WORK TO BE COMPLETED |
Give the data again in full, without pictures.

DATASET EXTRACT |
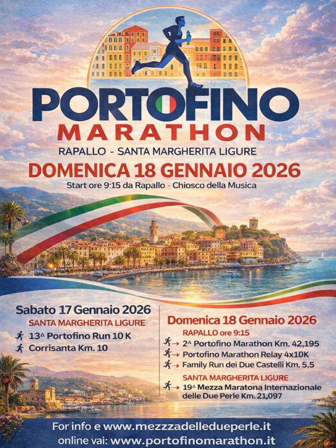 Sabato 17 e domenica 18 gennaio 2026, il Tigullio teatro di uno degli appuntamenti più attesi del calendario invernale del running. Sabato, con partenza alle ore 15 da piazza Vittorio Veneto a Santa Margherita Ligure, prende il via la 13esima Portofino Run (10 km), accompagnata come da tradizione dalla CorriSanta - Family Run.
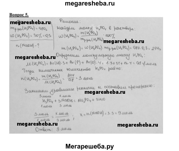 5. Определите количество вещества гидроксида натрия, которое потребуется для полной нейтрализации 980 г 30%-го раствора фосфорной кислоты.
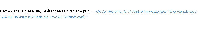 Ancienne signification développée en 1798 par l’académie Française (ACAD - 1798).Merci à Marc et Odile pour la numérisation du mot immatriculer.
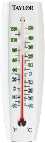 A modern twist on a timeless classic, this TAYLOR window thermometer adds style and functionality to any home, backyard or garage. The thermometer's sleek, curved design features bold, blue and green numerals to provide accurate readings from -40 to 120 deg C and -40 to 50 deg C. Constructed with weather-resistant and rustproof material, this wall thermometer is compatible for both the indoors and outdoors and can be used throughout all four seasons.

EXERCISE RESULT |
 Sabato 17 e domenica 18 gennaio 2026, il Tigullio teatro di uno degli appuntamenti più attesi del calendario invernale del running. Sabato, con partenza alle ore 15 da piazza Vittorio Veneto a Santa Margherita Ligure, prende il via la 13esima Portofino Run (10 km), accompagnata come da tradizione dalla CorriSanta - Family Run.
 5. Определите количество вещества гидроксида натрия, которое потребуется для полной нейтрализации 980 г 30%-го раствора фосфорной кислоты.
 Ancienne signification développée en 1798 par l’académie Française (ACAD - 1798).Merci à Marc et Odile pour la numérisation du mot immatriculer.
 A modern twist on a timeless classic, this TAYLOR window thermometer adds style and functionality to any home, backyard or garage. The thermometer's sleek, curved design features bold, blue and green numerals to provide accurate readings from -40 to 120 deg C and -40 to 50 deg C. Constructed with weather-resistant and rustproof material, this wall thermometer is compatible for both the indoors and outdoors and can be used throughout all four seasons.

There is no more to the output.